Apologies in advance - if anyone's just had a meal you might want to stop reading now. This is highly embarrassing, and I'm only posting here in the hope someone can shed some light/offer some advice, since none of the dozens of health visitors, midwifes, doctors, nurses or physio experts I've seen seem to be able to do that.
It's a big long winded (probably a bad choice of words), but I'll try to be succinct.
In the third trimester of my first pregnancy I became anaemic and was taking iron tablets. This made me very, very constipated and I was glugging Lactulose like it was Prosecco.
Because of various, unrelated complications, I was induced at 38 weeks. I spent 4 days in slow labour, during which time I was completely unable to go to the loo for a number two, despite all the lactulose I was drinking and the glycerine pessaries that nurses were sticking up my bum round the clock. By the time I was 6cm dilated, I hadn't been to the loo for pretty much a week. This meant my bowel was completely compacted with poo, but no amount of pushing budged it. I begged and begged for an enema, but the midwives refused, saying that they don't offer those anymore as it's "old fashioned". My biggest fears at this point were that I either had the weakest pelvic floor in the western world and that if I couldn't push out a hard poo, how the hell was I going to manage a 9Ib child? The other was that there was going to be a major poomageddon during the end stages of my labour and the midwives were going to be very sorry indeed that they hadn't done an enema.
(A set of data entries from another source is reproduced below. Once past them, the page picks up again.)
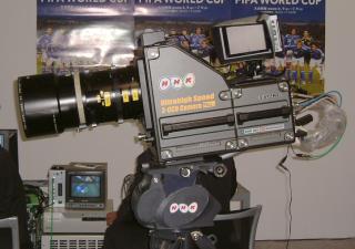 ポイントは、単板式になったことで光学系がシンプル(プリズムなどがいらないため)になり、大幅な小型化を達成できたと言うことです。比較のために、従来型の超ハイスピードカメラの写真を、掲載しておきます(左の写真・だいたいふつうのスタジオカメラ位)。
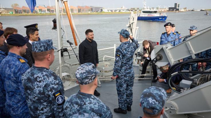 زيلينسكي يلتقي في هولندا متدربين أوكرانيين على متن كاسحة ألغام
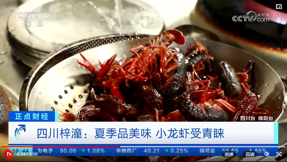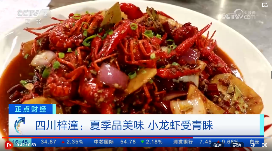 6月15日,央视财经频道《正点财经》栏目播出绵阳梓潼夏季美食——美味小龙虾。
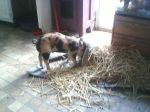 Um brought in some straw for the guinea pigs, Augy pig thought it was for him...August Ronan McPhate.
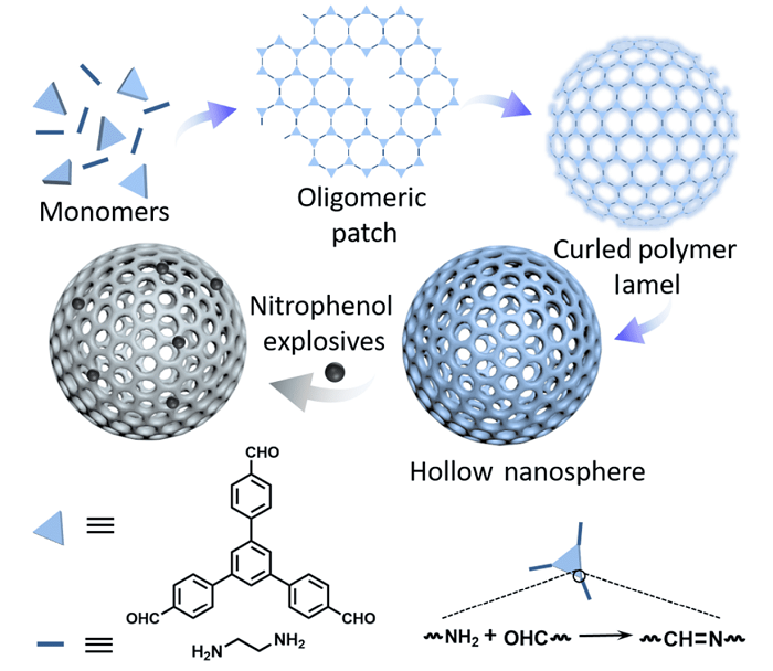 利用AIE活性单元构建的共价有机空心纳米球用于硝基酚类爆炸物的检测
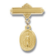 This beautiful baby pin with dangling Miraculous medal and crossbar top.

Anyway, bottom line (another bad choice of words, sorry), not a single scrap of poo came out during all the ferocious pushing I did in labour. Two days post natal, my stitches bulging from the week's worth of poo stuck in my bum, I decided that I'd have to quite literally take matters into my own hands. To say that the manual excavation was agonising is an understatement, but the relief I felt afterwards was immense. Plus it really helped with the postnatal weight loss - I reckon I must have shedded about 3 pounds.
I thought/hoped that would be the end of it.
Unfortunately, for the next 6 months or so, I was unable to have a regular bowel movement. There didn't seem to be any issue at all with 'producing'. I just wasn't able to budge it. Sometimes, I felt like I really needed to go, but just couldn't push it out, and so had to manually excavate. Other times, I had no sensation of fullness, and so would have to regularly check whether I was full and on discovering I was, would have to do something about it.
During this period I was back and fore doctors and health visitors/midwives etc. I was told to do my pelvic floor exercises, which I did. I was told to take laxatives, which made no difference. One doctor stuck his finger up my bum very roughly, and asked "Can you feel that?". I meekly replied "Yes" (what I wanted to say was "You've practically got your entire arm up my backside, of course I can bloody well feel it you fool"). To which he replied: "You're fine then" and sent me on my way.
After about 6 months post labour, thinks slowly started going back to normal. It was a bit stop start, but before long I was able to go again the normal way.
However, I then fell pregnant again, and pretty much straight away the problem came back. This made me think it was less a pelvic floor issue (I've never had incontinence or anything like that), and that it was hormonal? Anyway, either way, I've spent my entire pregnancy having to manually excavate. Same issue: I either feel full but can't push, or I can't feel that I need to go until I go check what's going on up there.
Knowing what I know now I'll make sure that before this baby is due I'll have a good clear our before labour. I'm convinced that the reason I needed ventouse intervention with my first is that the birth canal was effected by the fact my bowels were so full and not budging. Obviously I don't want that again.
So, there you have it. I am desperate for some reassurance that I'm not the only one out there this has happened to and that there might be some light at the end of the tunnel. I'm really hoping I don't have another 6 months of this after my second delivery. It's a truly horrible way to live.